BCP Order on SQL Server

Thomas Richards

I have two SQL Server 2000 machines. The same file is sent nightly to
each server and a stored proc uses BULK INSERT to load it into a
staging table for processing.

Once I've bcp'ed it in, I put it into a temp table with an IDENTITY
column appended to it. (I need this identity column to group by later
on to remove duplicates.)

ie

select tempo.*,
IDENTITY(int, 1,1) AS ID_Num
into #test1
from tempExtract tempo

My question is : can I expect the ID_Num and the corresponding line of
the file copied to the table to be the same on each server? Ie will
each BCP into the staging table occur in the same order on both
servers given that the file, the BULK INSERT command and the indexes
are the same on each server.

Jul 20 '05 #1

Subscribe Post Reply

4473

Erland Sommarskog

Thomas Richards (to**********@rocketmail.com) writes:

I have two SQL Server 2000 machines. The same file is sent nightly to
each server and a stored proc uses BULK INSERT to load it into a
staging table for processing.

Once I've bcp'ed it in, I put it into a temp table with an IDENTITY
column appended to it. (I need this identity column to group by later
on to remove duplicates.)

ie

select tempo.*,
IDENTITY(int, 1,1) AS ID_Num
into #test1
from tempExtract tempo

My question is : can I expect the ID_Num and the corresponding line of
the file copied to the table to be the same on each server? Ie will
each BCP into the staging table occur in the same order on both
servers given that the file, the BULK INSERT command and the indexes
are the same on each server.

No, you would need to have the identity column on the table you load
the file into. I don't know for sure that you can trust the IDENTITY
value to match the input file exactly, and if it works, it is likely
to by mere chance.

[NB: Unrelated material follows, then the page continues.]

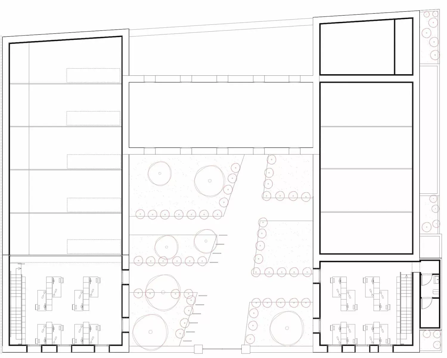 El desafío consistía en transformar una estructura industrial obsoleta en un espacio contemporáneo y funcional, capaz de albergar actividades diversas que fortalecieran el tejido económico local, sin comprometer su valor arquitectónico original.

That is, there is no committment from Microsoft
that it should work, and it could change in a future version of SQL
Server.

--
Erland Sommarskog, SQL Server MVP, es****@sommarskog.se

Books Online for SQL Server SP3 at
http://www.microsoft.com/sql/techinf...2000/books.asp

Jul 20 '05 #2

Thomas Richards

Erland Sommarskog <es****@sommarskog.se> wrote in message news:<Xn**********************@127.0.0.1>...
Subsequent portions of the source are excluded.